Altered Mitochondrial Superoxide Production in Skeletal Muscle of an ALS Mouse Model during the Disease Progression

Abstract

Amyotrophic lateral sclerosis (ALS) is a fatal neuromuscular disease that involves severe skeletal muscle atrophy. Mitochondria are critically affected in ALS muscle. To better understand the role of mitochondria in ALS onset and progression, we generated a double transgenic (dTG) mouse model overexpressing an ALS mutant (SOD1G93A) and a mitochondrial superoxide biosensor (mt-cpYFP) that reports dynamic production of superoxide inside mitochondria termed as (Wang 2008; Fang 2011). We found that flash signal in muscle changed significantly during the disease progression. Before disease onset, 2-month old dTG mice (ALS) showed an increase in mitochondrial superoxide production, which was manifested by a marked increase in the ratio of flashing area to cell area (ALS: 2.3±0.29, n=80, 5 mice; WT: 1.2±0.18, n=74, 4 mice; P=0.008), while there was no significant change in the kinetic parameters of the flash signal at this stage.
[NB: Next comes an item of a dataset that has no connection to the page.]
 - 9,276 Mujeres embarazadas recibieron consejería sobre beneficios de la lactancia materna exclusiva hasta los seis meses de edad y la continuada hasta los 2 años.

At end stage (ESALS, 4.5-month old, n=36, 4 mice), there was a drastic decrease in mitochondrial superoxide production characterized by a decrease in the ratio of flashing area to cell area compared to WT (0.69±0.11, P<0.05). Remarkably, the kinetic parameters of the flash signal were significantly slower in ESALS dGT mice. Compared to WT and early stage ALS, there is an increase in the rising time (RT) (WT:15.82±1.38, ALS:14.63±1.2 vs ESALS:23.62±2.97, P=0.008 and 0.001), the half decay time (T50) (WT:9.81±1.13, ALS:11.93±1.43 vs ESALS:20.56±3.65, P<0.001 and 0.013), and the full duration at half maximum (FDHM) (WT:16.76±1.72, ALS:18.28±2.07 vs ESALS:33.37±5.33, P<0.001 and 0.003). Our data demonstrate drastic changes in muscle mitochondrial metabolic function in the course of ALS. Ongoing studies aim to explore the cause and the role of this abnormal mitochondrial function at different ALS stages. Supported by MDA and NIAMS/NIH.